Cuanto más delira, cuanto más se vuelca hacia el mesianismo, Piquito hace afirmaciones como: «el permanente error del humano, llevado de las narices por la épica, es lo que lo ha llevado al punto en el que se encuentra. Podría decirse entonces que el humano es el animal que se equivoca». ¿De dónde viene esta definición del humano como animal que se equivoca?

Eso es Piquito… yo por eso me enamoré de la figura de Piquito como personaje. Yo como autor en esa voz puedo expresar cosas que jamás podría en tercera persona. Piquito saca de mí cosas que no podría sacar si no fuera a través de ese personaje. Ese personaje construye algo en mí y permite que salgan esas cuestiones, que sólo son posibles en la voz del personaje. Escribiendo Piquito emerge eso. En realidad, en esa frase Piquito está refutando a Aristóteles, que dice que el hombre es el animal racional. Es lo que me atrae de escribir en esa voz. Hay una felicidad cuando escribo en esa voz. Ya me pasó con Piquito de oro, con Piquito a secas. En esta novela en que él hace una transición hacia algo muy dislocado respecto de lo real me costaba después salir al mundo. Hay un desacomodamiento mío con respecto al mundo muy fuerte que sentía cuando me levantaba de escribir algunas partes, algo así como que me estaba volviendo loco.

¿Se fue Piquitizando?

Si, totalmente. Yo me fui construyendo en función de la literatura en muchos aspectos. Creo que hasta en el habla. Yo no escribía como hablaba, sino que ahora estoy hablando como escribía. O sea que la literatura me fue construyendo a mí también. La literatura es una terapia feroz (risas).

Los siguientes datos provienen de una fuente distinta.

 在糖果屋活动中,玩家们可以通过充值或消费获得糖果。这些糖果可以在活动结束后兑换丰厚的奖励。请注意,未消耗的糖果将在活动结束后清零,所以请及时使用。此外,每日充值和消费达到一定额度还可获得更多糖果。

¿Por qué cree que Piquito tiene cierto atractivo sobre los jóvenes, como Bruna?

Ese descolocamiento de Piquito respecto de lo real cuaja con el adolescente que en parte no está envilecido y no desaprendió totalmente. Yo no estoy nada convencido de que en la vida aprendés y sos más sabio. Creo que aprendés y desaprendés todo el tiempo. A veces veo que los pibes de 18 años saben cosas tanto o más que nosotros; tienen una especie de sabiduría que después se pierde con la mezquindad del adulto en la sociedad actual, que lo lleva a desaprender un montón de cosas que a los 15 años sabía. Yo no releo nada mío, pero me encontré con unas poesías que escribí de adolescente. Obviamente hay inmadurez, pero a su vez había algo que tal vez se perdió. No menosprecio para nada la juventud.

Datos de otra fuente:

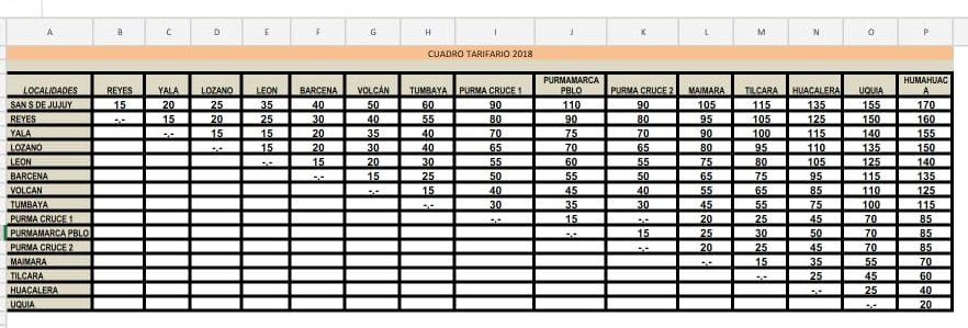 Nuevo cuadro tarifario hacia la Quebrada de Humahuaca

¿Hay un elogio a la inmadurez en Piquito?

Sí. Gombrowicz lo hizo también como un estado de naturaleza. No me acuerdo si es en esta novela que Piquito plantea que a los 4 años ya sabés lo más importante sobre la vida: que hay clases sociales, que el sexo es lo fundamental, que unos pocos ejercen el poder. Ya tenés trazado todo el derrotero de tu vida (risas).